Privacy and intellectual property
Privacy remains one of the most significant risk drivers, especially as workplace AI becomes more sophisticated and processes more sensitive employee data.
“Privacy risk is not limited to regulatory enforcement. It affects employee trust, labour relations and reputational standing. Treating privacy as a downstream compliance exercise is increasingly untenable where AI systems operate at scale and influence core employment outcomes,” Boda and Tayob said.
They also highlight intellectual property as a critical risk management blind spot, particularly around company and third-party IP used in AI systems, and questions over ownership rights.
Legal accountability in practice
Ismail explains that South Africa does not yet have laws specifically governing AI. Instead, general legislation such as the Protection of Personal Information Act applies. Section 71(1) of POPIA protects data subjects from automated decision-making that has legal consequences. For example, credit applicants profiled by AI could be subject to discriminatory outcomes, which is prohibited if based solely on AI-generated profiles.
“It creates a risk for firms if appropriate procedures to prevent sole reliance on automated decision-making are not implemented, which could lead to claims for breach. It could also expose directors for failing in their duty to the company to ensure implementation,” he said.

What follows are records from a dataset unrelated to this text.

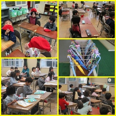 雨の中の登校でしたが、朝から自分で傘を閉じて、きれいに片付けることができました。
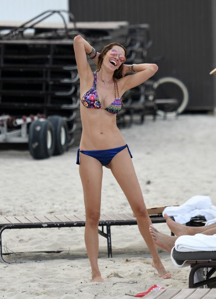 Modelo, actriz y estrella de televisión Aida Yespica lleva un diminuto bikini azul en la playa de Miami, 11/03/2018.
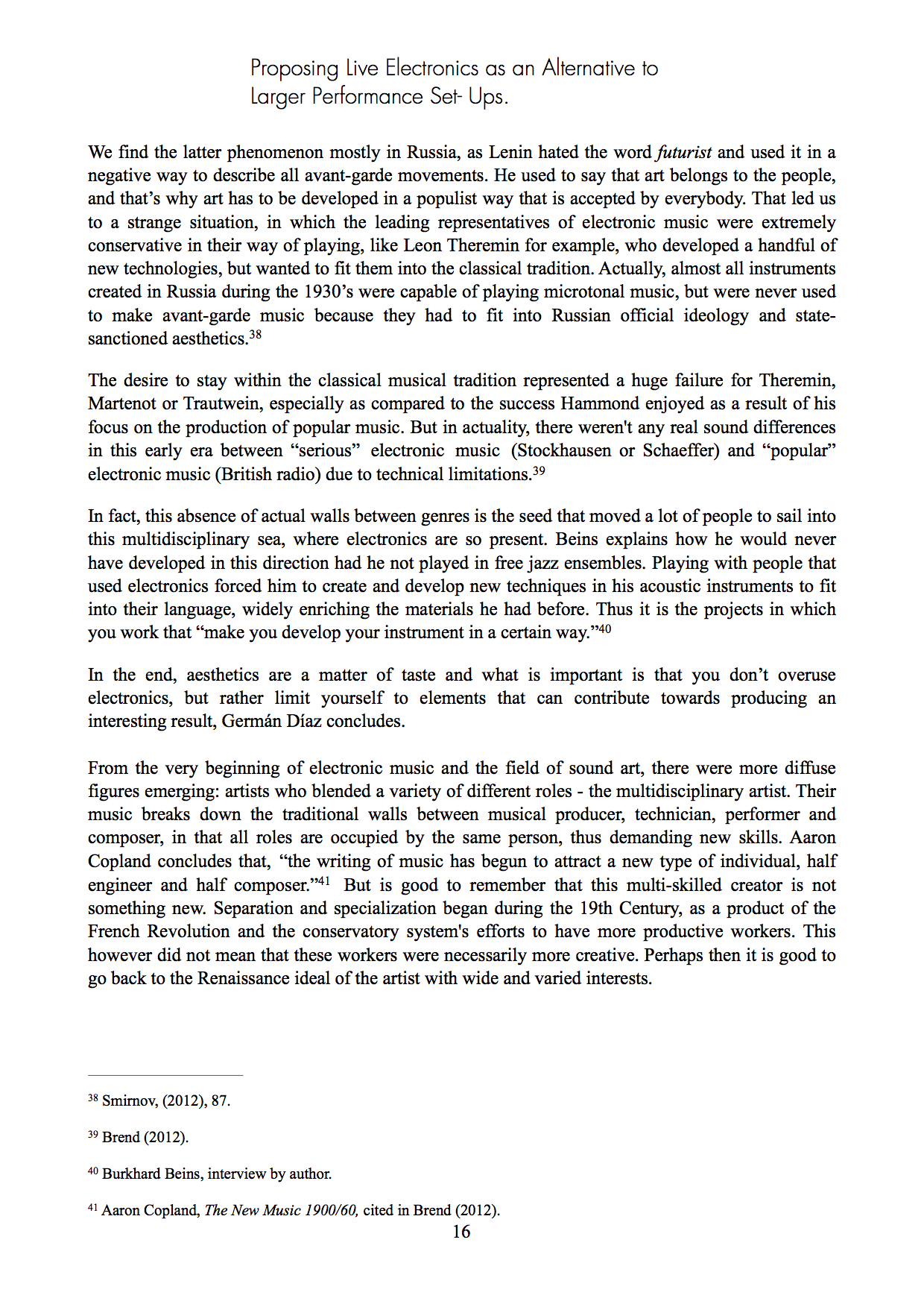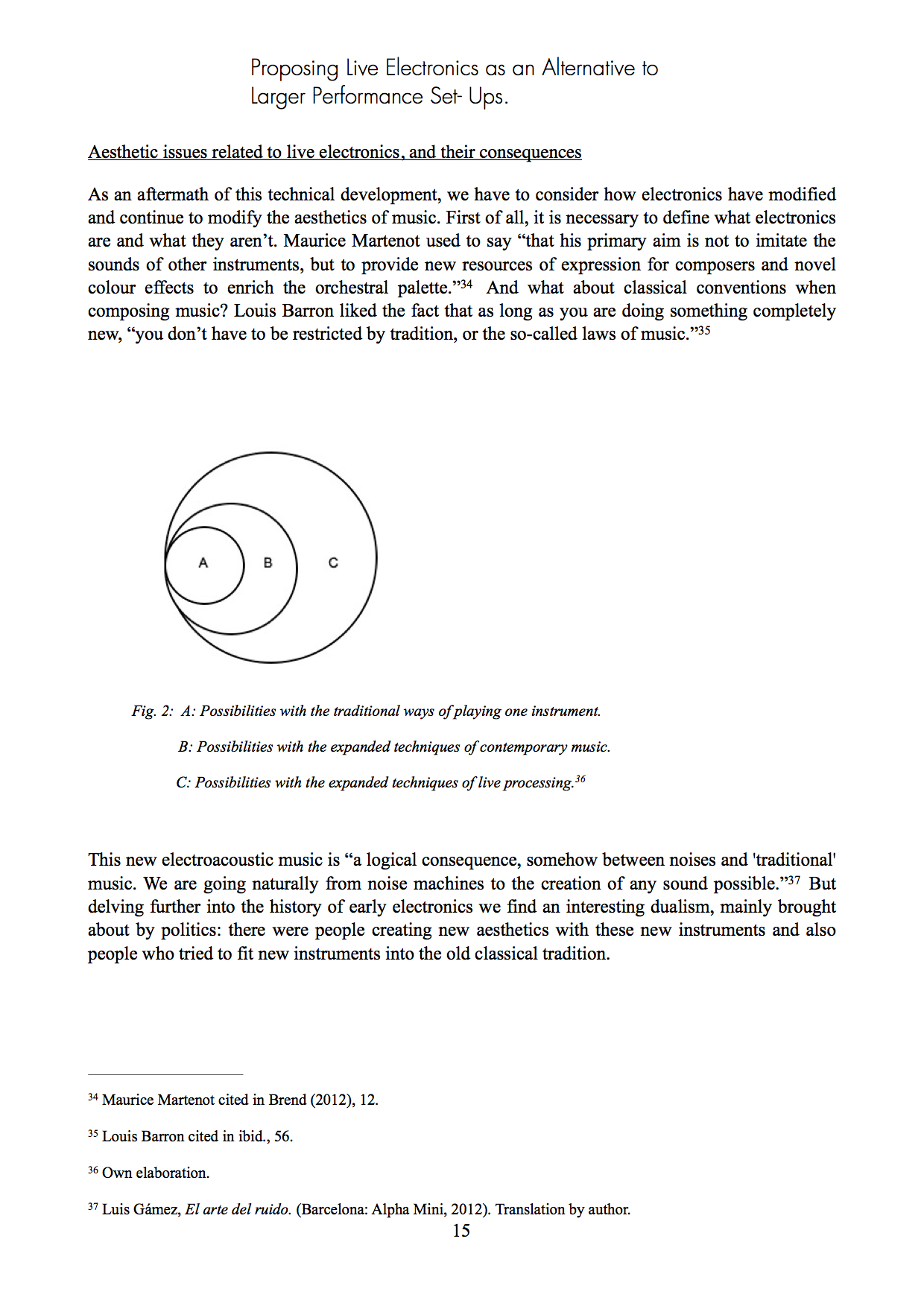 Name: Mario García Cortizo Main Subject: Classical and Contemporary Percussion Research Coaches: Anna Scott and Richard Barrett Title of Research: Proposing Live Electronics as an Alternative to Larger Performance Set-Ups Research Question: How can the inclusion of live electronics reduce required equipment while increasing performer efficiency? Research Process: After deciding on the topic of my research, I began reading and collecting all kinds of information related to the historical relationship between the arts and artists during major social and financial crises of the 20th Century. This included books, websites, journal and magazine articles, and museum exhibitions. In a practical sense, during the first year of the research process I was mainly focused on trying out different things by experimenting with live electronics both in improvised and concert music. For my second year, I have commissioned a new piece involving percussion and live electronics to be performed by composition student Siamak Anvari. I will also be the second person ever to play Hugo Morales’ piece 150pF, “for body capacitance and amplification system.” This piece involves a new instrument that I built myself, consisting of four jack connectors that are split into a four-channel system. As a complement for the program, I am doing a reduction of Frederic Rzewski’s Coming Together for one single player and an actress. Summary of Results: Throughout this text we have seen different proposals that have come out of limitations faced by artists during crisis periods: where creativity is forced to develop in very significant ways in order to keep creating pieces, performances - art that riches everybody, regardless of culture, politics, age, or other aspects. These limitations have provided artists with a lot of new instruments, technologies and techniques: tools that have helped composers and performers to develop new languages and frameworks within which to organize many different materials. Is very important to point out that the use of non-conventional instruments and live electronics can be considered when there are limitations, but we do not have to use these resources just because of the presence of a limitation, but rather as a part of an on-going research process that leads us to these resources as part of a particular creative solution. After going through all the practical examples experimented with and contained in this research, we can conclude that live electronics and non-conventional instruments are indeed an alternative to larger performance set-ups, not only when the economic situation is unfavorable, but even as a matter of taste.
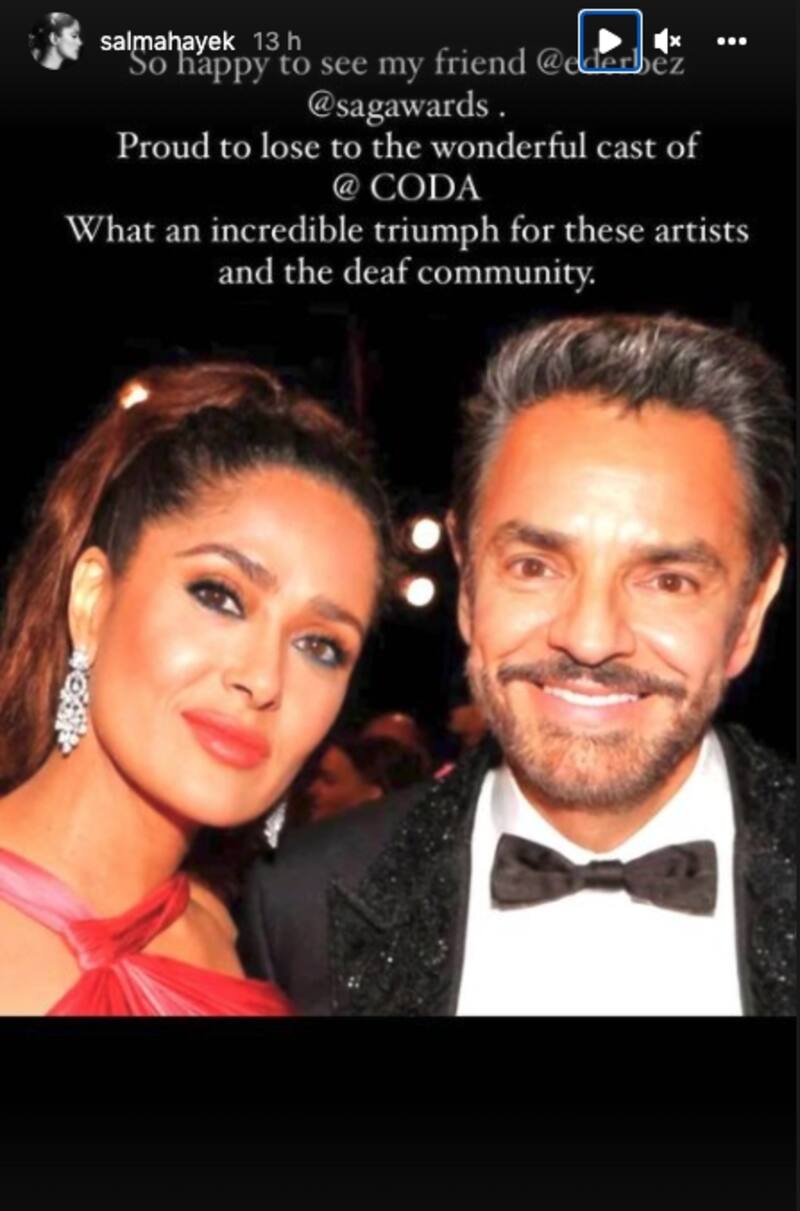 "Orgullosa de perder ante el maravilloso elenco de CODA. Qué increíble triunfo para estos artistas y la comunidad sorda", añadió Salma Hayek.
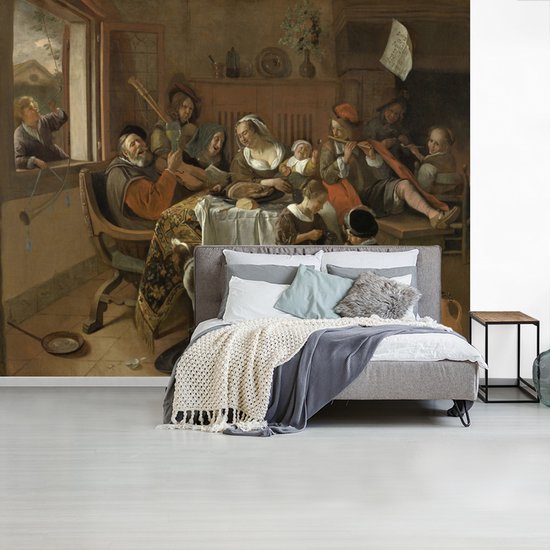 Papier peint vinyle - La famille joyeuse - Peinture de Jan Steen largeur 325 cm x hauteur 260 cm - Tirage photo sur papier peint (disponible en 7 tailles)
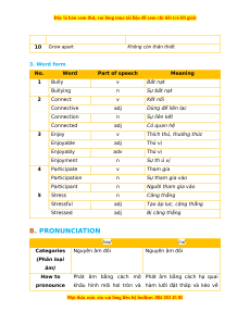 Không còn thân thiết 3. Word form No. Word Part of speech Meaning 1 Bully v Bắt nạt Bullying n Sự bắt nạt 2 Connect v Kết nối Connective adj Dùng để liên lạc Connection n Sự liên kết Connected adj Có quan hệ 3 Enjoy v
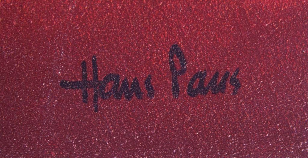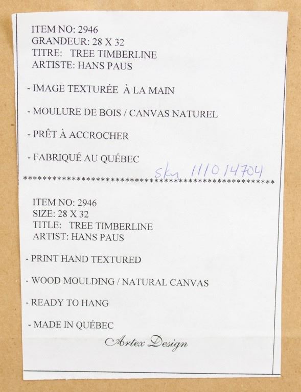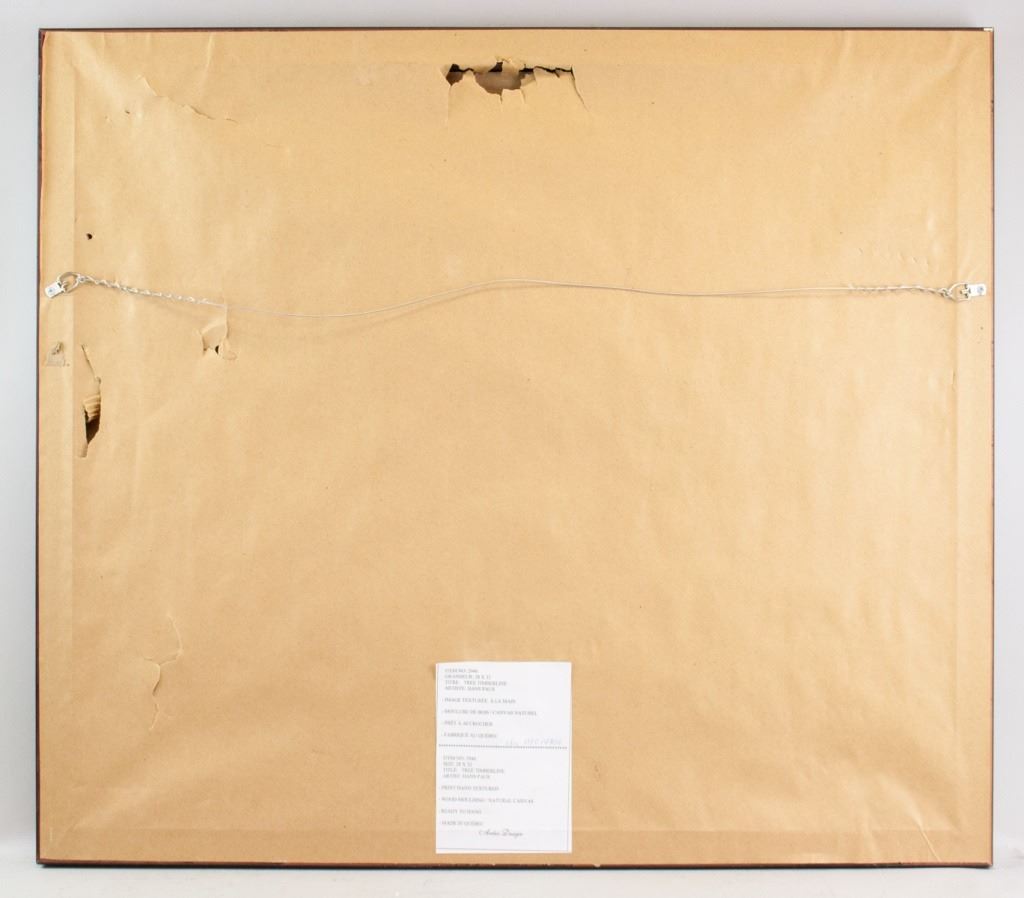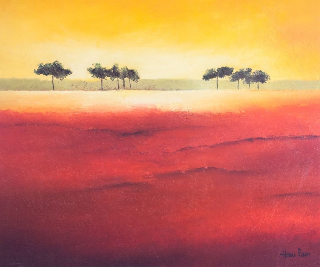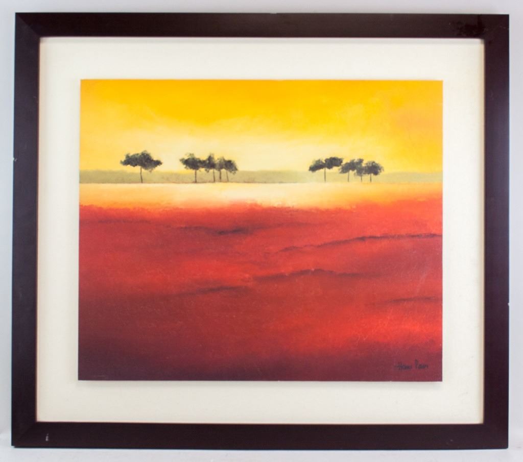 Print on textured board, framed. Featuring sunset landscape with a few trees in the distance. "Hans Paus" printed to the bottom right corner. Label on verso reads, in part, "TITLE: TREE TIMBERLINE / ARTIST: HANS PAUS / PRINT HAND TEXTURED". Board size: 50 x 60 cm (19.5 x 23.5 inches). Frame size: 72 x 82 cm (28.25 x 52.25 inches).
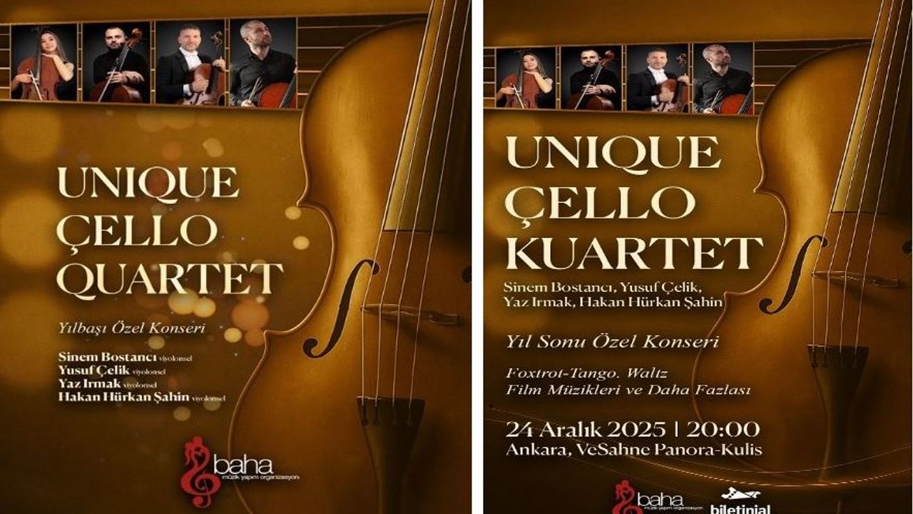 Baha Müzik Yaşam Organizasyonu tarafından düzenlenen Unique Çello Quartet Yılbaşı Özel Konseri, Sinem Bostancı, Yusuf Çelik, Yaz Irmak ve Hakan Hürkan Şahin’den oluşan kadrosuyla müzikseverleri yılın son günlerinde klasik müziğin büyülü atmosferiyle buluşturacak. Yılbaşı konseptine özel olarak hazırlanan programda, farklı türlerden seçkiler çellonun güçlü tonlarıyla yeniden yorumlanacak.
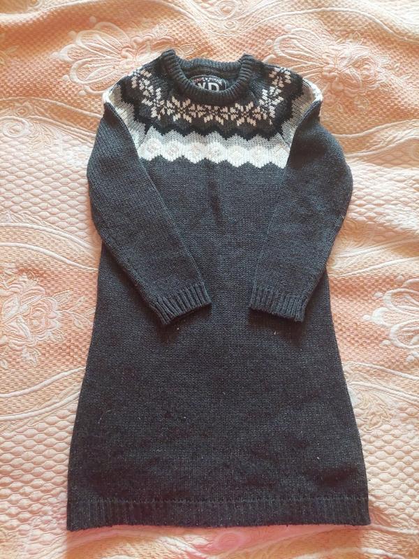 красивое теплое платье с орнаментом для девочки, длина рукава от горловины 53 см, длина платья 72 см.

Courts continue to uphold traditional legal principles. In Mavundla v MEC: Department of Co-Operative Government and Traditional Affairs KwaZulu-Natal and Others, a law firm faced criticism and financial penalties for using AI to replace legal research, citing cases that did not exist. The Court said professionals remain responsible for outputs regardless of tools used, calling failure to validate work “irresponsible and downright unprofessional”.
Similarly, in Northbound Processing (Pty) Ltd v South African Diamond and Precious Metals Regulator and Others, the High Court reinforced a zero-tolerance approach to fictitious case citations generated by AI, even where junior counsel attempted to mitigate the situation. Ismail says the judicial intent is clear: professional duties remain attached to the person, irrespective of AI use.
“Regardless of intention or mitigating circumstances, our courts have been clear with their approach that a fundamental breach of professional duty would arise when a legal practitioner refers the court to fictitious case law, and the use of AI is not an acceptable excuse. It is a reasonable inference that this principle would be transposed onto other professions and would yield the same conclusion,” Ismail said.
He adds that professionals must ensure the authenticity of AI-generated outputs. “The professional would be held liable for failure of an AI-generated response and not the intelligence system itself.”
Growing regulatory scrutiny
Boda and Tayob point to increasing regulatory and societal scrutiny. Organisations in 2026 face fragmented requirements across data protection, cybersecurity, employment law, and emerging AI governance frameworks. In this environment, reactive compliance is insufficient.
“Organisations must embed legal risk management into every stage of procuring, governing and using AI,” they said.
Ismail cautions that as AI technology advances, its integration into professional decision-making could expose professionals to claims if incorrect outputs cause harm. “It is essential that professionals consider the risks associated therewith and discuss with their intermediary any risk transfer mechanisms (such as professional indemnity cover), subject to policy terms and underwriting criteria,” he said.